As Thierry and Qiaochu have pointed out, it's not clear what exactly the question means. Even so, maybe it's possible to say something helpful.

The question asks

Can one always have that $N(t) = M^t$ holds for some non-singular $M$?

This doesn't quite make sense, so I'll interpret it as

Must there exist a non-singular matrix $M$ such that $N(t) = M^t$ for all $t$?
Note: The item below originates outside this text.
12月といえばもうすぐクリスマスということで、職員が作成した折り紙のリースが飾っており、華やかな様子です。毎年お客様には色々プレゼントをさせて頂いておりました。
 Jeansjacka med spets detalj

I'm guessing this was the intention.

The answer is probably no. (I say "probably" because the hypotheses on $N$ weren't stated precisely.) It's even false for $n = 1$. That is, there exist functions $N: \mathbb{R} \to (0, \infty)$ satisfying
$$
N(s + t) = N(s) N(t)
$$
for all $s, t \in \mathbb{R}$, but not of the form $N(t) = M^t$ for any $M > 0$. The existence of such functions requires the axiom of choice.
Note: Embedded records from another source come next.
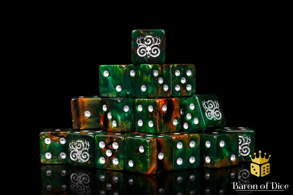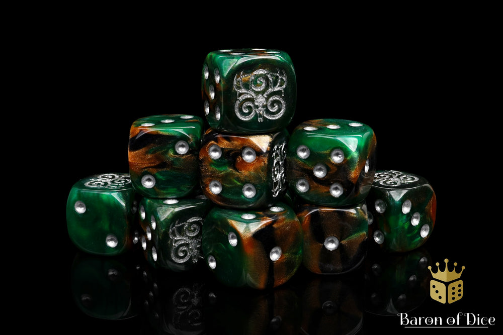 These contain a base of shimmering dark greens swirled with metallic copper veins and inlaid with a metallic silver; resin 16mm dice. The symbols are on the 6 side. These are square dice. Our premium dice now come in a unique reusable tin.
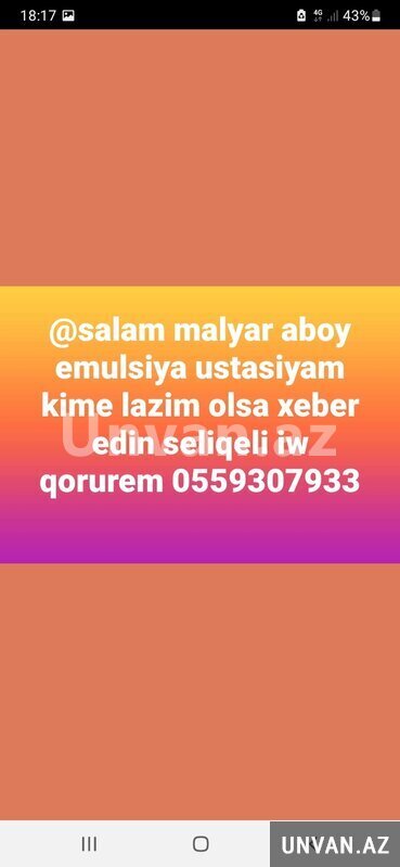 Salam deyerli muwteriler aboy emulsiya iwinde mukemel xudmet qosterirem buyurun elaqe saxliyin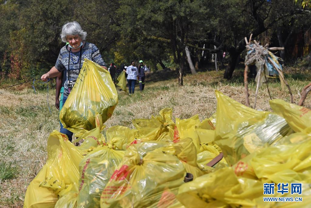 4月22日,南非比勒陀利亞的志愿者將收集好的垃圾放到指定區域。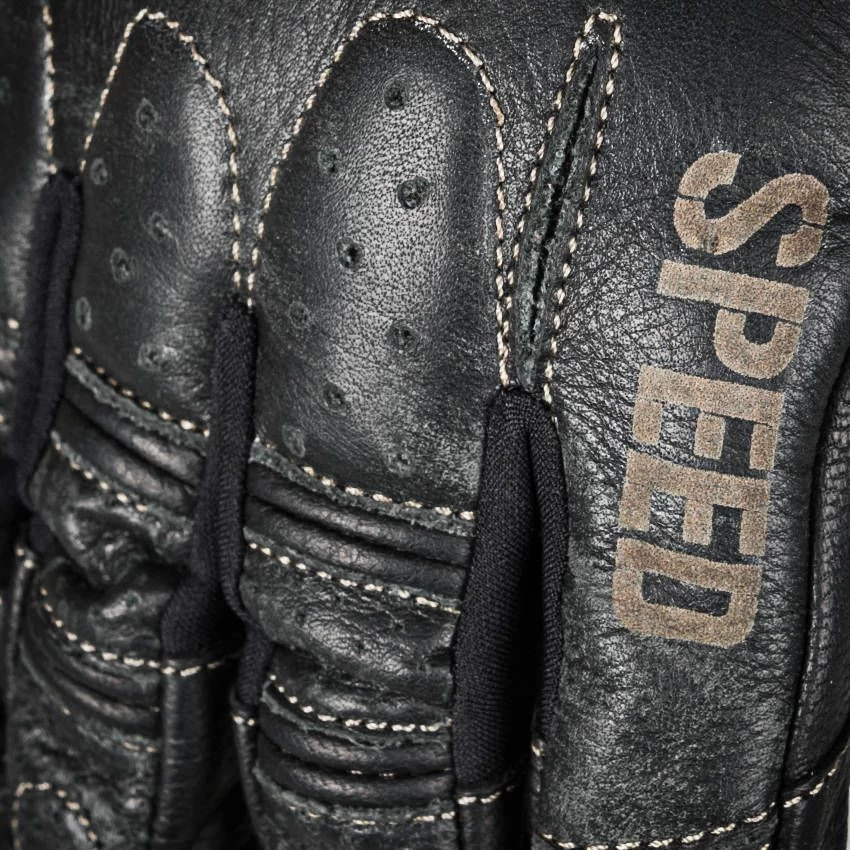 The Speed and Strength®Rust and Redemption™ pre-curved race cut fit leather motorcycle gloves feature a leather frame and a reinforced leather palm for abrasion resistance and slide protection. The gloves come with hinged knuckles and a hook and loop wrist closure for an adjustable secure fit.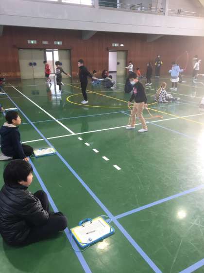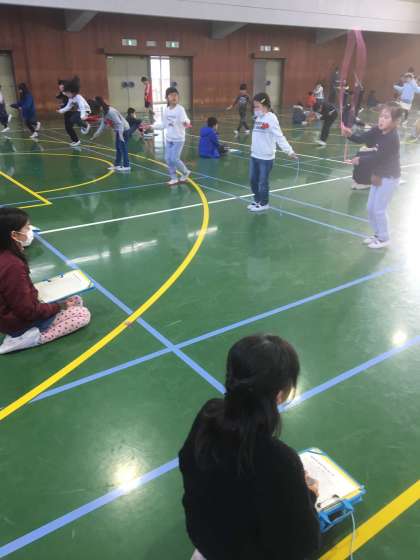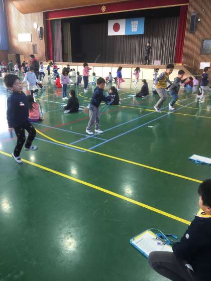 2年生が短縄大会を行いました。ペアの4年生に数を数えてもらい、得意な種目で挑戦しました!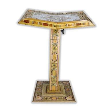 مصنوع من خشب طبيعي متين وعالي الجودة، حامل القرآن هذا مزين بنقوش فسيفساء دمشقية معقدة وأنيقة.

This is a problem going back to Cauchy. It's equivalent to consider the equation $f(s + t) = f(s) + f(t)$ (by putting $f(s) = \log N(s)$), and this is what's usually called "Cauchy's functional equation". You can find information about it here and here, for example.

Maybe you're happy to assume that $N(t)$ is continuous in $t$, in which case there's a genuine question about matrices to be answered. But in the absence of precise hypotheses, I don't know what you're happy to assume.